Possiamo ora dire ufficialmente che abbiamo due settimane per invertire la rotta e salvare il clima. La speranza di adottare misure efficaci nella lotta contro i cambiamenti climatici sono riposte nella Cop 26, iniziata a Glasgow, in Scozia, con termine per il 12 novembre. A sei anni dal raggiungimento dell’Accordo di Parigi al termine della Cop 21, il mondo è ancora una volta chiamato a tentare di rendere operativi gli obiettivi fissati nel 2015 in Francia.
La Cop 26 rappresenta l’ultima speranza, ha dichiarato il presidente Alok Sharma. “I cambiamenti climatici – ha poi aggiunto – presentano indicatori in rosso. Se non agiamo ora e insieme, non potremo proteggere il nostro prezioso Pianeta”.
“L’umanità è di fronte a delle scelte difficili ma chiare – gli ha fatto eco Patricia Espinosa, segretaria esecutiva dell’Unfccc, la Convenzione quadro delle Nazioni Unite sui cambiamenti climatici, che organizza la Cop 26 -. Possiamo riconoscere che continuare come fatto finora non è ragionevole, visto il prezzo devastante che dovremo pagare e perciò decidere di attuare la transizione necessaria. Oppure possiamo accettare di essere complici della nostra estinzione”.
Rinviata di un anno a causa della pandemia, la Cop 26 si apre in un contesto geopolitico decisamente diverso rispetto a quello che si respirava alla Cop 21 di Parigi. Le relazioni tra Regno Unito e Stati Uniti da una parte, e Cina e Russia dall’altra, sono più tese. I presidenti Xi Jinping e Putin, non dovrebbero neppure presentarsi alla Cop 26 di Glasgow. “A nostro favore – ha aggiunto Sharma – c’è il fatto che abbiamo una coscienza alla quel rispondere”.
I negoziati preliminari svoltosi nello scorso mese di giugno, avevano mostrato ancora una volta grandi difficoltà nel trovare un accordo internazionale (come confermato d’altra parte dal G20 che si è tenuto a Roma il 30 e il 31 ottobre). “Non posso dire che ci siano stati grandi passi in avanti”, aveva ammesso la stessa Patricia Espinosa. “È necessario – aveva aggiunto – ottenere delle indicazioni a livello politico”. Senza dimenticare la frattura tra nord e sud del mondo: con alcune nazioni – a partire dai piccoli stati insulari del Pacifico, estremamente vulnerabili di fronte ai cambiamenti climatici – che potrebbero non essere neppure in grado di raggiungere Glasgow a causa di difficoltà logistiche e restrizioni legate al coronavirus.
“Le perdite devastanti in termini di vite e mezzi di sussistenza dovute quest’anno a fenomeni meteorologici estremi – ha risposto su questo punto Patricia Espinosa – mostrano quanto sia stato importante convocare la Cop 26 malgrado i problemi legati alla pandemia. Il mondo va verso un aumento della temperatura media globale di 2,7 gradi, mentre dovremmo rimanere a 1,5. È chiaro che siamo in una situazione di crisi e di emergenza, ed è chiaro che dobbiamo fronteggiarla. Così come è chiaro che dobbiamo aiutare i più vulnerabili a farlo”.

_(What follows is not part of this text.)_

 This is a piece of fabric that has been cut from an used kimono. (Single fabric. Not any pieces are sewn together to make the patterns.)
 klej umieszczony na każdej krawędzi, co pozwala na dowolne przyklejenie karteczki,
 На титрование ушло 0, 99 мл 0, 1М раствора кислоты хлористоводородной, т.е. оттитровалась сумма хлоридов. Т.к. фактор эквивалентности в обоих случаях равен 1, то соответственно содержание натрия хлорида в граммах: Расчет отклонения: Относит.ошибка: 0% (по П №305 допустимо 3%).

A Glasgow ciò che si attende dai governi è dunque, prima di tutto, credibilità. Occorre rendere concreti gli impegni legati ai trasferimenti di denaro dai paesi ricchi a quelli più poveri per consentire a questi ultimi di adattarsi ai cambiamenti climatici: 100 miliardi di dollari all’anno che furono promessi per la prima volta alla Cop 15 di Copenaghen, nel 2009, e che da allora non sono mai stati stanziati per intero.

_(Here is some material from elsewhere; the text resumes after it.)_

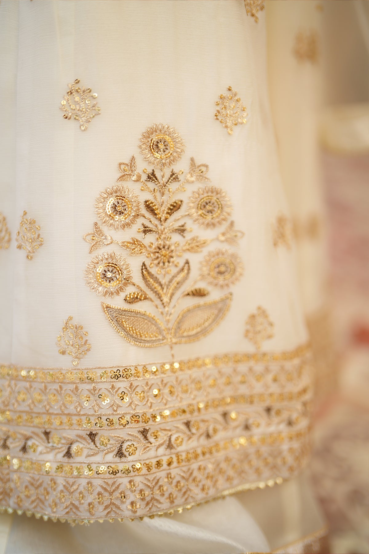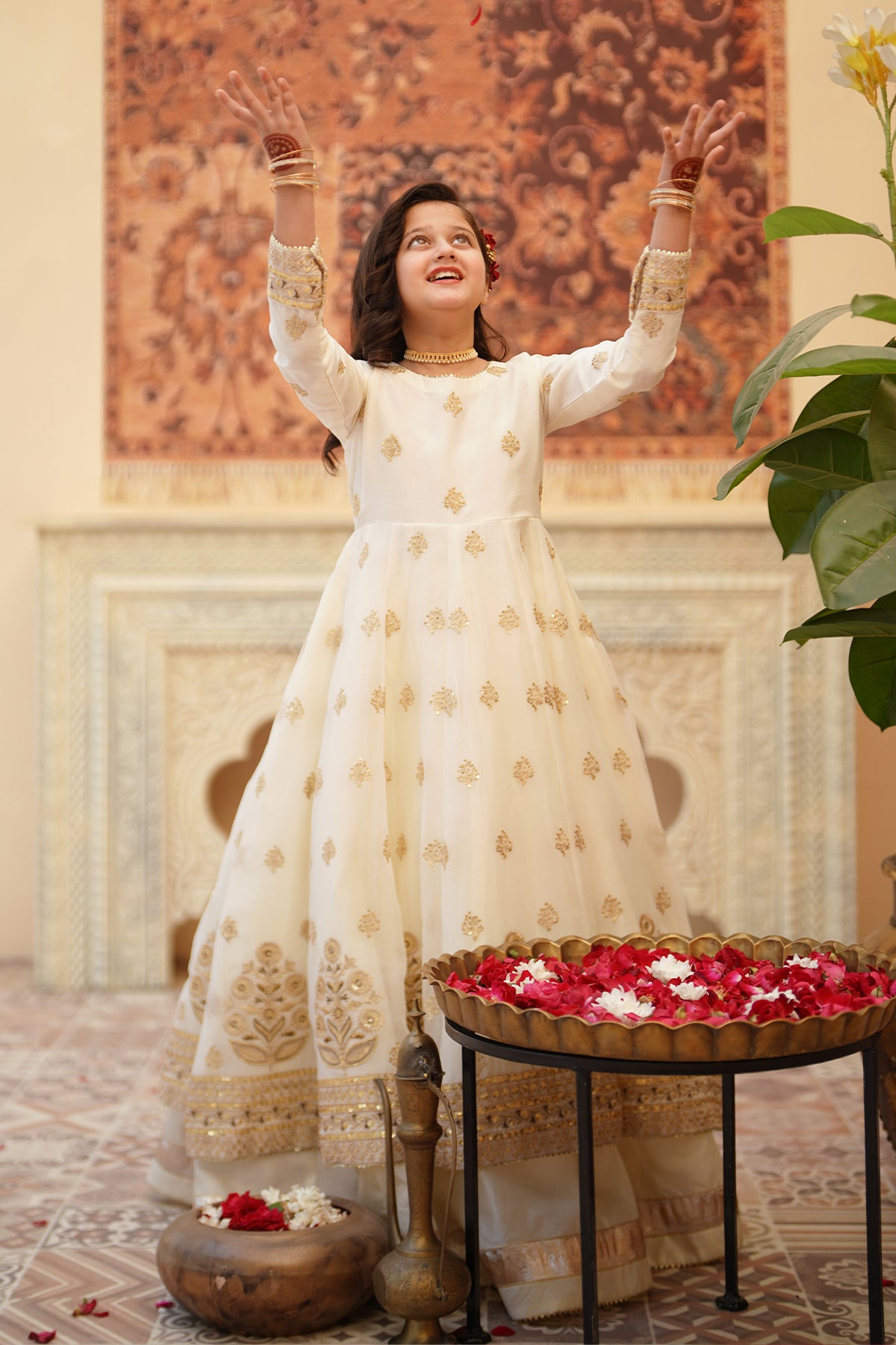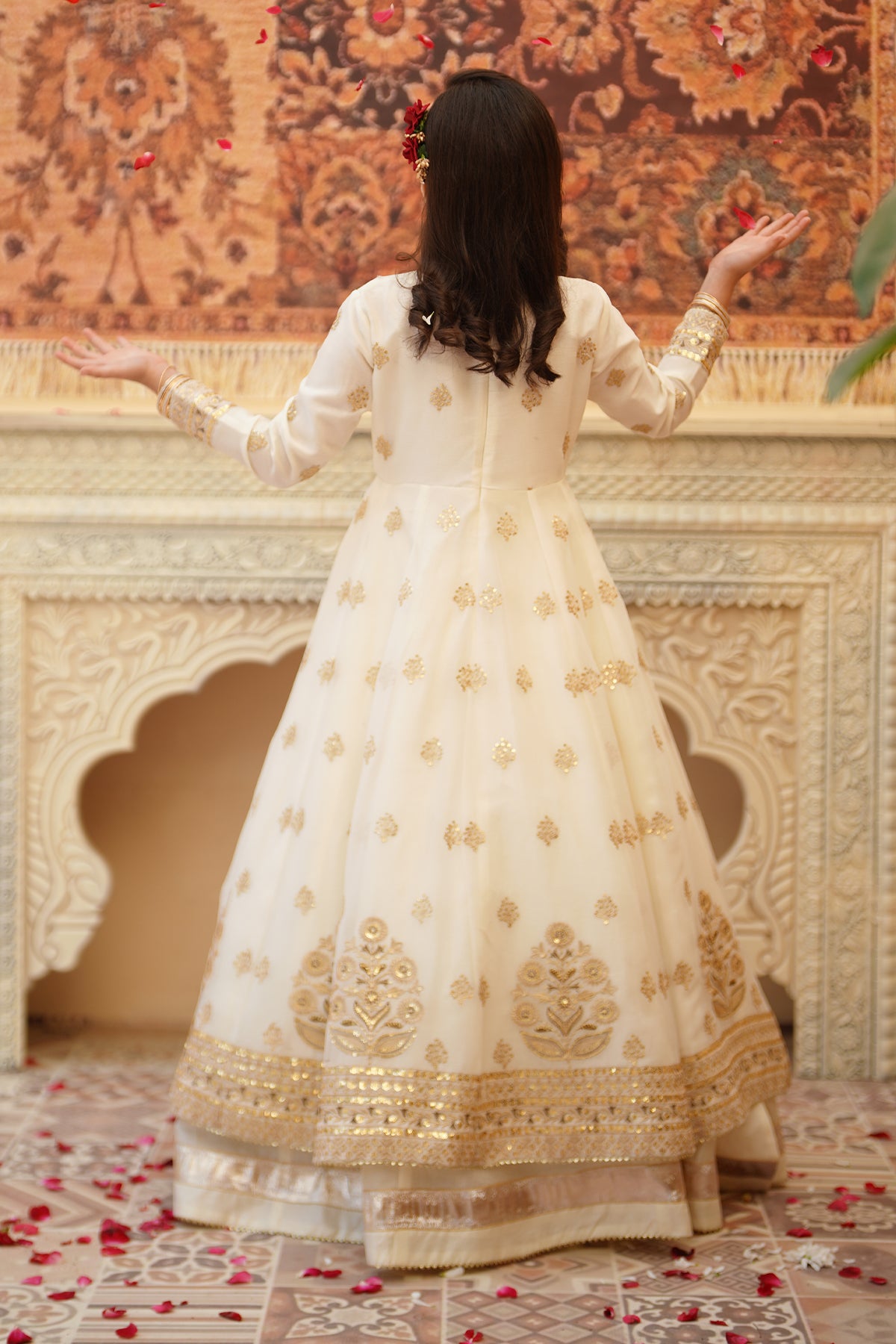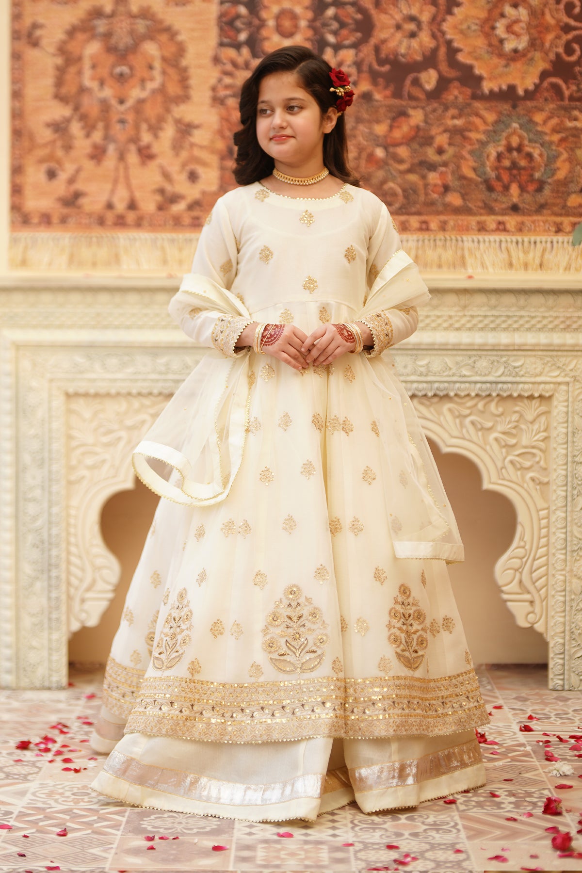 From the SHEHNAI collection, Mini CHAND is an elegant panel frock made with premium chiffon and silk. The 12-panel frock features intricate Embroidery, Tilla , and Sequins detailing with gota work all around. The look is paired with a net dupatta and charming Tassels at the back. It comes with 12 panel lehenga with lappa border on lehenga flare. Cancan attached for heavy flare.

Tornerà ancora una volta sul tavolo, poi, l’articolo 6 dell’Accordo di Parigi. Ovvero le regole che occorre introdurre per regolamentare un sistema di scambio di quote di emissioni di CO2. Si tratta di un elemento sul quale i governi non sono mai riusciti a trovare un intesa, tanto che di fronte all’impossibilità di trovare un compromesso tra le nazioni, tutto è stato rimandato alla Cop 22 di Marrakech, poi alla Cop 23 di Bonn, quindi alla Cop 24 di Katowice e infine alla Cop 25 di Madrid. Senza mai riuscire a trovare un punto d’incontro.

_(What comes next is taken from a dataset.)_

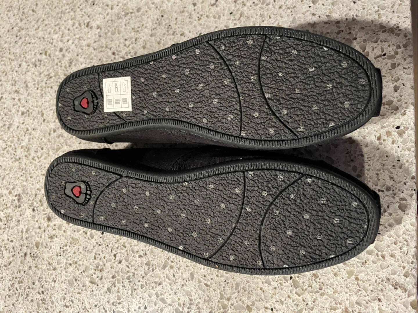 These BOBS by Skechers flats feature a black canvas upper with memory foam insoles for comfort. They have a slip-on style with elastic gore for a snug fit. The rubber outsole provides good traction.
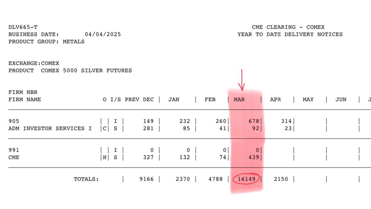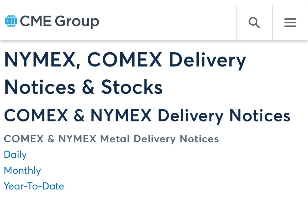 CME's COMEX & NYMEX Metal Delivery Notices show a MASSIVE demand for physical silver

Infine, occorre adottare un calendario condiviso per permettere di fare il punto sugli obiettivi fissati e i risultati raggiunti. E scegliere metodologie per riportare tali dati in modo uniforme e trasparente. In questo senso, un meccanismo di valutazione dovrebbe essere introdotto già nel 2023. Anche in questo senso, ne va della credibilità stessa dell’Accordo di Parigi e delle nazioni che l’hanno ratificato.